# Disabling a NIC using Batch file commands



## easystreet (Apr 14, 2004)

I have a Win2K system with 2 NICs in it. I can go to MyNetworkPlaces>Properties and right-click on one of the NICs and select Disable.

Does anyone know how to duplicate these actions via one or more Batch File commands?


----------



## Geoffp (May 11, 2004)

Excellent question. I was curious myself as I've never heard of a way to do it, I figured netsh would have something, but nothing worked, so I snooped around a bit more and found a usenet post suggesting the use of a utility from MS "devcon.exe"

You can download the devcon utility here:

http://support.microsoft.com/directory/article.asp?ID=KB;EN-US;Q311272

Since I've never used it before, there may be an easier way, you'll need to play with the program a little, but here's how I was able to disable and enable my network connection:

devcon hwids * > out.txt

The above command outputs a list of all hardware ID's for devices on the local computer. It was quite a long list on my computer which is why I redirected the output to out.txt. Inside out.txt I searched for a my ethernet cards entry.

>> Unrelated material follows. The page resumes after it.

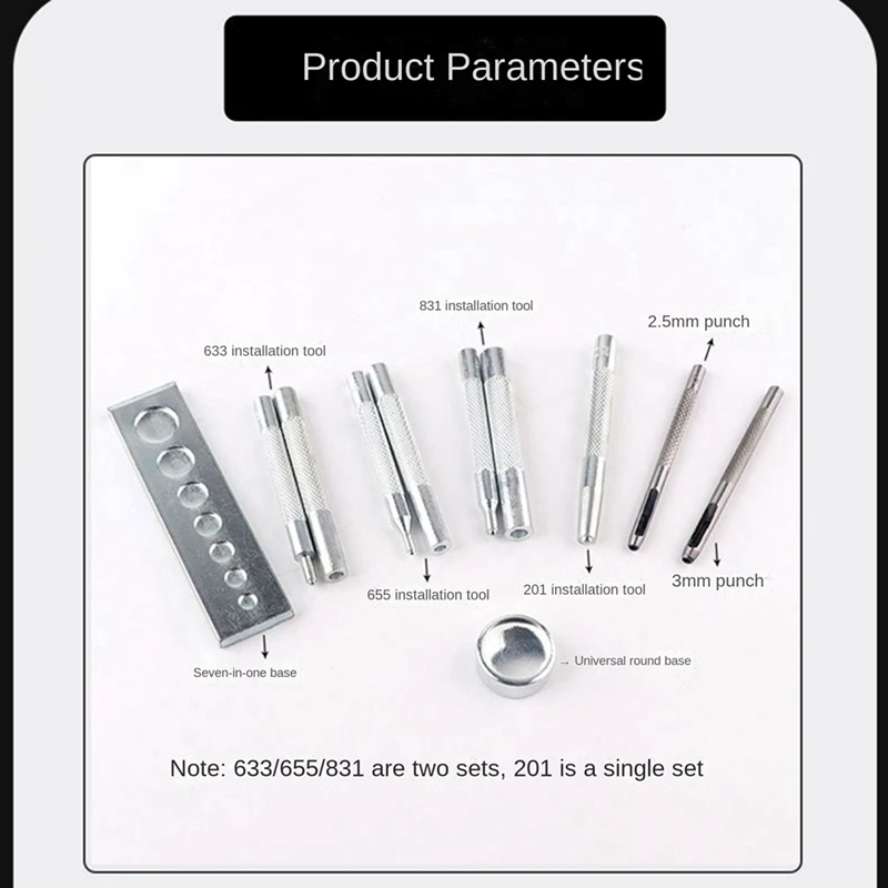 IDKvcxOYЗдесь вы сможете купить 11PCS 633/655/831/201 Rivet Base Snap Button Base Punching Leather Snap Button Set Silver с бесплатной доставкой до вашего почтового отделения.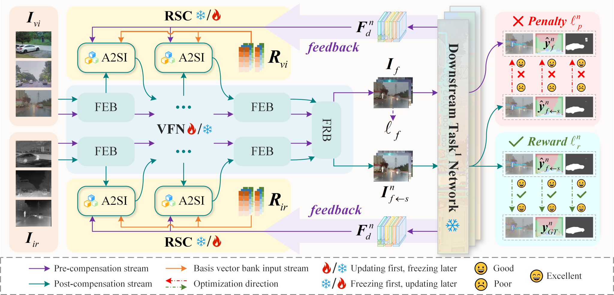 针对单一融合网络难以同时适应多个下游任务的问题,团队提出了一种基于闭环动态优化机制的多任务感知图像融合方法(如图1所示),能够让融合网络在不重新训练的情况下自适应地响应不同下游任务的语义需求,实现对多样化下游任务的动态感知。具体而言,设计了一种闭环动态网络,在融合网络(VFN)、需求驱动的语义补偿(RSC)模块以及多个下游任务网络(DTN)之间构建了一条语义传输链。通过这条语义传输链,RSC模块能够接收来自不同下游任务网络反馈的语义特征,并据此对融合网络动态施加任务特定的语义补偿,从而提升融合网络的多任务适应能力。为实现准确的语义补偿,闭环优化机制中引入了奖励惩罚策略,通过比较语义补偿前后的下游任务性能,对RSC模块进行适时地奖励或惩罚,使其逐渐习得对多样化任务语义需求的自适应响应能力。

PCI\VEN_1317&DEV_0985&SUBSYS_05741317&REV_11\3&61AAA01&0&58 
Name: Linksys LNE100TX Fast Ethernet Adapter (LNE100TX v4)
Hardware ID's:
PCI\VEN_1317&DEV_0985&SUBSYS_05741317&REV_11
PCI\VEN_1317&DEV_0985&SUBSYS_05741317
etc. etc. a bunch of other mumbo jumbo

The Hardware ID was just the first bit before the &. "PCI\VEN_1317"

Then from the command prompt I was able to disable the network connection with this command:

devcon disable PCI\VEN_1317



-Geoffp


----------



## easystreet (Apr 14, 2004)

Thanks for the info - will give it a try.


----------